Segurança

Comissão aprova previsão de que militar estadual inativo não responda mais por crime militar

11/01/2017 - 09:01   •   Atualizado em 06/03/2018 - 15:53

ALBERTO FRAGA
Alberto Fraga: Com frequência maior do que a desejada, há conflitos relativos à segurança em um dos atores é um policial militar

A Comissão de Segurança Pública e Combate ao Crime Organizado da Câmara dos Deputados aprovou proposta do deputado Cabo Sabino (PR-CE) que visa excluir militar estadual da reserva ou reformado da aplicação da lei penal militar quando ele praticar crime militar ou contra ele for praticado esse tipo de crime. Nesse caso, ele responderia pelo crime na Justiça comum.
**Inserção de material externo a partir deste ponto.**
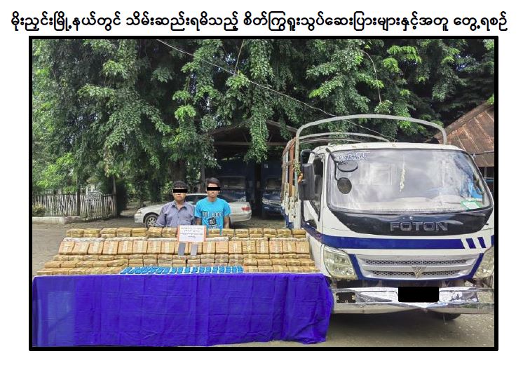 ဖြစ်စဉ်မှာ မူးယစ်ဆေးဝါးတားဆီး နှိမ်နင်းရေးရဲတပ်ဖွဲ့မှ တပ်ဖွဲ့ဝင်များပါဝင်သော ပူးပေါင်းအဖွဲ့ သည် ဩဂုတ် ၉ ရက် ညနေ ၅ နာရီခွဲတွင် ကချင်ပြည်နယ်၊ မိုးညှင်းမြို့နယ်၊ နန့်စီးအောင် ပူးပေါင်း စစ်ဆေးရေးစခန်းတွင် မန္တလေးမှ မိုးညှင်းဘက်သို့ အောင်ဆွေဦး မောင်းနှင်ပြီး မင်းမင်းသန်း လိုက်ပါလာသည့် FOTON ၆ ဘီးမော်တော်ယာဉ်ကို သတင်းအရရှာဖွေရာ ယာဉ်ပေါ်တွင် ပြောင်းဖူးစေ့အိတ်များ အတွင်းထည့်သွင်းသယ်ဆောင်လာသည့် ဒေသကာလ တန်ဖိုးငွေကျပ် ၃ ဘီလီယံကျော် တန်ဖိုးရှိ စိတ်ကြွရူးသွပ်ဆေးပြား သိန်း ၂၀ ကျော် သိမ်းဆည်းရမိခဲ့ကြောင်း၊ စစ်ဆေး ဖော်ထုတ်ချက်အရ သိမ်းဆည်းရမိ စိတ်ကြွရူးသွပ်ဆေးပြားများအား မန္တလေးတိုင်းဒေသကြီးမှ ကချင်ပြည်နယ်သို့ သယ်ဆောင်ခြင်း ဖြစ်ကြောင်း။

Segundo Cabo Sabino, essa é a intenção do Projeto de Lei 5867/16. Atualmente, o Código Penal Militar (Decreto-lei 1.001/69) diz que o militar da reserva ou reformado conserva as responsabilidades e prerrogativas do posto ou graduação, para o efeito da aplicação da lei penal militar, quando pratica ou contra ele é praticado crime militar. O projeto acrescenta dispositivo ao código estabelecendo que isso não se aplicará a militares estaduais.

De acordo com o parlamentar, com a proposta, os militares estaduais na reserva ou reformados não perderão nenhuma prerrogativa. “As prerrogativas tanto dos militares estaduais quanto dos militares das Forças Armadas não estão no Código Penal Militar; elas estão na Constituição Federal, inclusive reconhecidas em súmula do STF [Supremo Tribunal Federal]”, ressaltou.

Conforme o deputado, “o objetivo do projeto é fazer com que esses militares estaduais –que passam 30 anos debaixo de um código penal que inclusive não foi feito para as polícias militares – não fiquem sujeitos à lei penal militar quando ingressem na reserva”.

Cabo Sabino observa que, muitos desses militares estaduais, quando vão para o mundo civil, têm um emprego, abrem empresas e vão para uma atividade totalmente diferente.

“Então, não faz sentido eles estarem sendo punidos por uma lei penal se não estão mais na atividade policial militar”, disse. “É natural que eles venham ficar debaixo da lei civil, que é o Código Penal civil [Decreto-lei 2848/1940]”, completou.

Exemplo
Como exemplo de situação que poderá ser alterada caso o projeto seja aprovado, Cabo Sabino citou o desacato a militar, punível pelo Código Penal Militar com detenção de seis meses a dois anos, sendo inafiançável. “Se um sargento na reserva desacatar um subtenente que também estiver na reserva, o sargento não poderá ser autuado por crime de desacato militar, por não estar sujeito mais ao Código Penal Militar”, apontou.

“Ele deverá ser levado à uma delegacia, onde ocorrerá Termo Circunstancial de Ocorrência (TCO)” , acrescentou. O TCO é previsto na legislação civil para infrações de menor potencial ofensivo.

Na Comissão de Segurança Pública, a proposta recebeu parecer favorável do relator, deputado Alberto Fraga (DEM-DF). “É indubitável o valor da proposta, haja visto as inúmeras ocorrências em que policiais militares inativos [na reserva ou reformados] se envolvem e, quando diante de equipes comandadas por policiais militares, procuram constrangê-las, valendo-se da sua precedência hierárquica”, afirmou.

Tramitação
Posteriormente à aprovação do projeto pela comissão, o deputado Cabo Sabino solicitou a retirada de tramitação da proposta. A Mesa Diretora decidiu que o requerimento de retirada deve ser submetido ao Plenário da Câmara, na medida em que já foi aprovado por uma comissão.

Ainda está prevista a análise conclusiva das comissões de Relações Exteriores e de Defesa Nacional; e de Constituição e Justiça e de Cidadania.

* Matéria alterada após esclarecimentos do deputado.

Tramitação
O projeto tramita em caráter conclusivo e ainda será analisado pelas comissões de Relações Exteriores e de Defesa Nacional; e de Constituição e Justiça e de Cidadania.